*** Opening Records provided ***

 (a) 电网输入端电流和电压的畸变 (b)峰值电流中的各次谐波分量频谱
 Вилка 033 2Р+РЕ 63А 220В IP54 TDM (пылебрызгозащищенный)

*** Closing Records provided ***
*** Opening Records provided ***

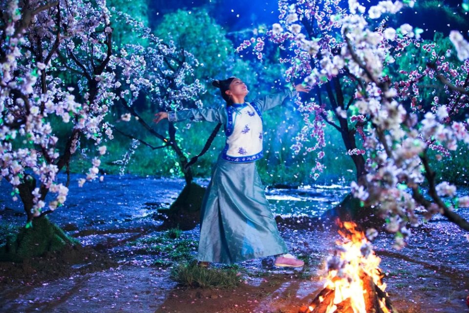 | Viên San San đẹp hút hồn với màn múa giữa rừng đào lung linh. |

*** Closing Records provided ***
*** Opening Records provided ***

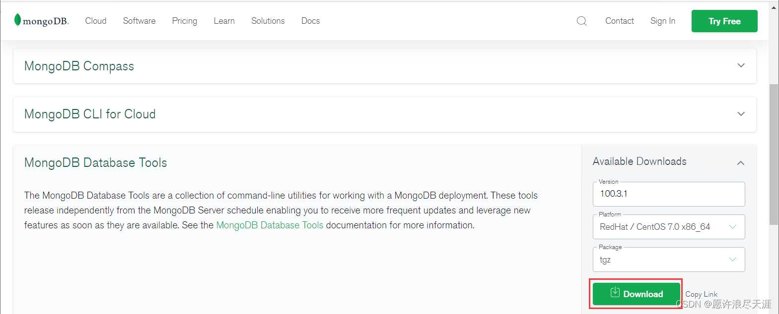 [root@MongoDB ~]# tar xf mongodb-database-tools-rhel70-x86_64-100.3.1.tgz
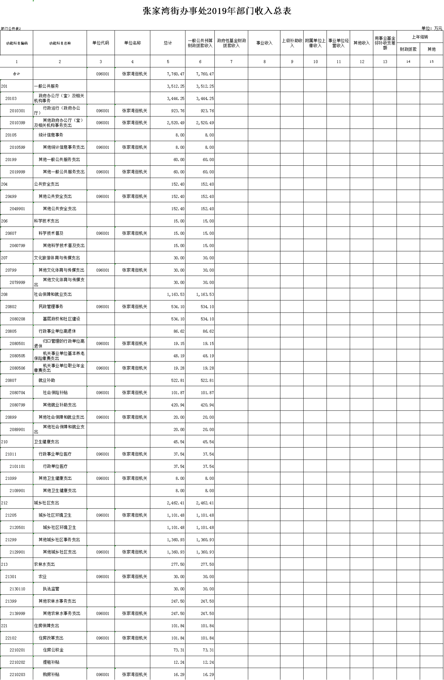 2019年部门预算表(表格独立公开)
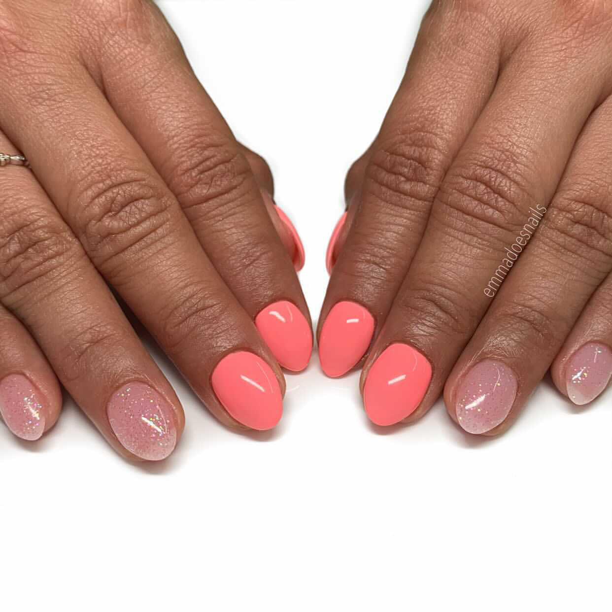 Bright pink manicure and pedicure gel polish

*** Closing Records provided ***

• _Task to carry out_
Within the listing above, locate the line containing "(a) 电网输入端电流和电压的畸变 (b)峰值电流中的各次谐波分量频谱" and the line containing "Вилка 033 2Р+РЕ". Reproduce those two lines and all lines between them exactly, with nothing added.

• _Answer for the task_
 (a) 电网输入端电流和电压的畸变 (b)峰值电流中的各次谐波分量频谱
 Вилка 033 2Р+РЕ 63А 220В IP54 TDM (пылебрызгозащищенный)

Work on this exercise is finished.